Let's calculate q_{12} in terms of 'a':
q_{12} = \frac{(1 + ||y_1 - y_2||^2)^{-1}}{\sum_{k \neq l}(1 + ||y_k - y_l||^2)^{-1}}
The distance between points 1 and 2 in the target space can be obtained using the distance formula:
||y_1 - y_2|| = \sqrt{(y_{1x} - y_{2x})^2 + (y_{1y} - y_{2y})^2}
Since we are projecting onto 1D in this case, the y-coordinate will be 0 for both points.
||y_1 - y_2|| = \sqrt{(y_{1x} - y_{2x})^2 + (0 - 0)^2} = \sqrt{(y_{1x} - y_{2x})^2}
Substituting this value into q_{12}, we get:
q_{12} = \frac{(1 + (y_{1x} - y_{2x})^2)^{-1}}{\sum_{k \neq l}(1 + ||y_k - y_l||^2)^{-1}}
Now, we need to find the value of 'a' such that q_{12} = p_{12}, where p_{12} is the similarity between points 1 and 2 in the original space.

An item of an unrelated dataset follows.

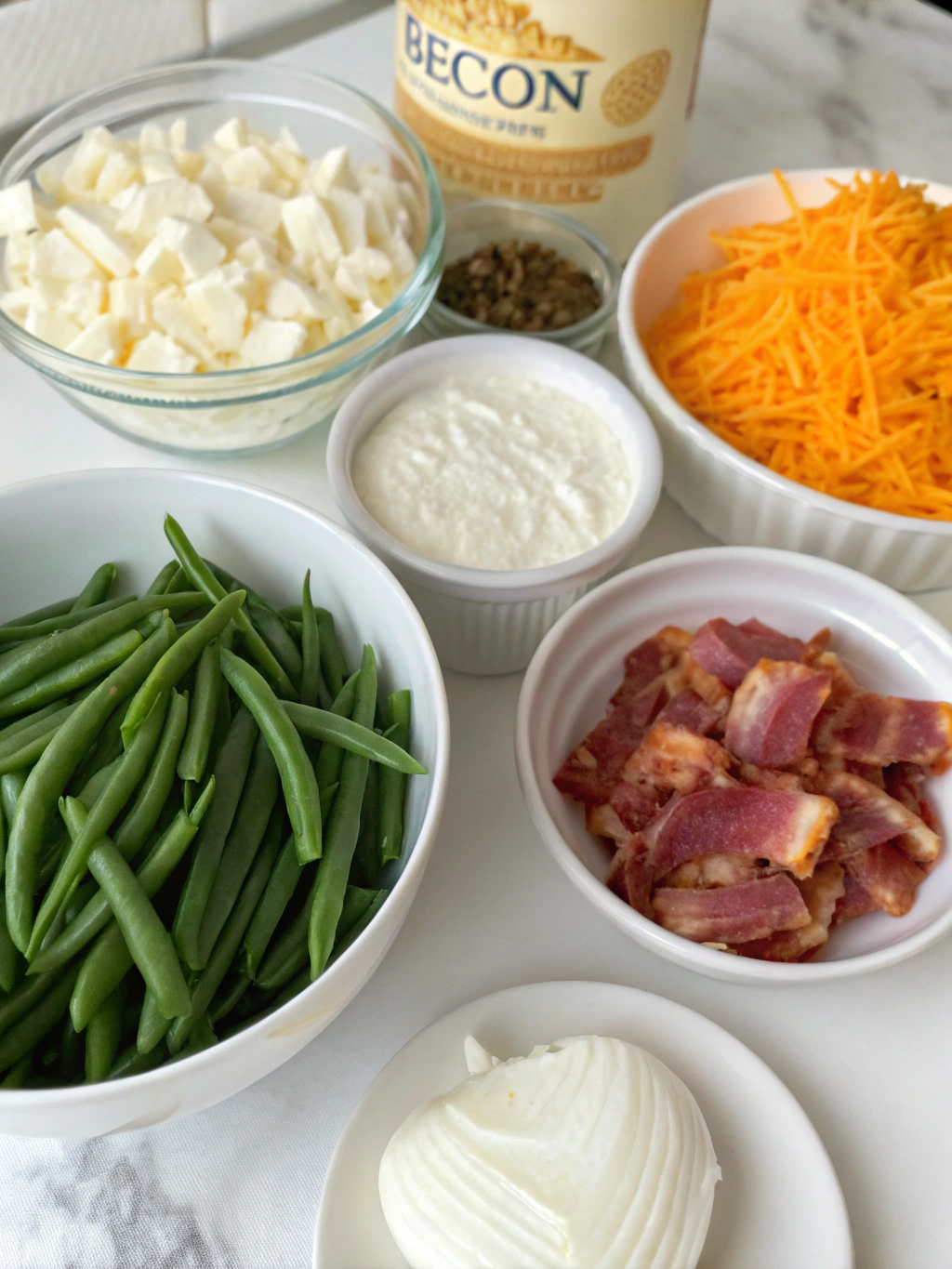 1/4 cup milk – The milk helps thin out the soup mixture just enough to coat every green bean perfectly. It also helps the cheese melt smoothly without clumping.

Given that A = 1 and B = \sqrt{2}, we can calculate the similarity p_{12} as:
p_{12} = \frac{(1 + ||x_1 - x_2||^2)^{-1}}{\sum_{k \neq l}(1 + ||x_k - x_l||^2)^{-1}}
Since the distance between the center node and each boundary node is 'a' and the distance between the boundary nodes is 'B', we have:
||x_1 - x_2|| = \sqrt{(x_{1x} - x_{2x})^2 + (x_{1y} - x_{2y})^2}
= \sqrt{(0 - (-a))^2 + (0 - 0)^2}
= \sqrt{a^2}
= a
Substituting this value into p_{12}, we get:
p_{12} = \frac{(1 + a^2)^{-1}}{\sum_{k \neq l}(1 + ||x_k - x_l||^2)^{-1}}
Now, we need to find the value of 'a' such that q_{12} = p_{12}.
Setting q_{12} = p_{12}, we have:
\frac{(1 + (y_{1x} - y_{2x})^2)^{-1}}{\sum_{k \neq l}(1 + ||y_k - y_l||^2)^{-1}} = \frac{(1 + a^2)^{-1}}{\sum_{k \neq l}(1 + ||x_k - x_l||^2)^{-1}}
Rearranging the equation, we get:
(1 + (y_{1x} - y_{2x})^2)^{-1} = (1 + a^2)^{-1}
Simplifying further, we have:
1 + (y_{1x} - y_{2x})^2 = 1 + a^2
Canceling out the 1s, we get:
(y_{1x} - y_{2x})^2 = a^2
Taking square root on both sides, we get:
y_{1x} - y_{2x} = a
And since we are projecting onto 1D, y_{1x} - y_{2x} = x_{1x} - x_{2x} = a
Therefore, a = 1.
Hence, the value of 'a' that satisfies q_{12} = p_{12} is 1.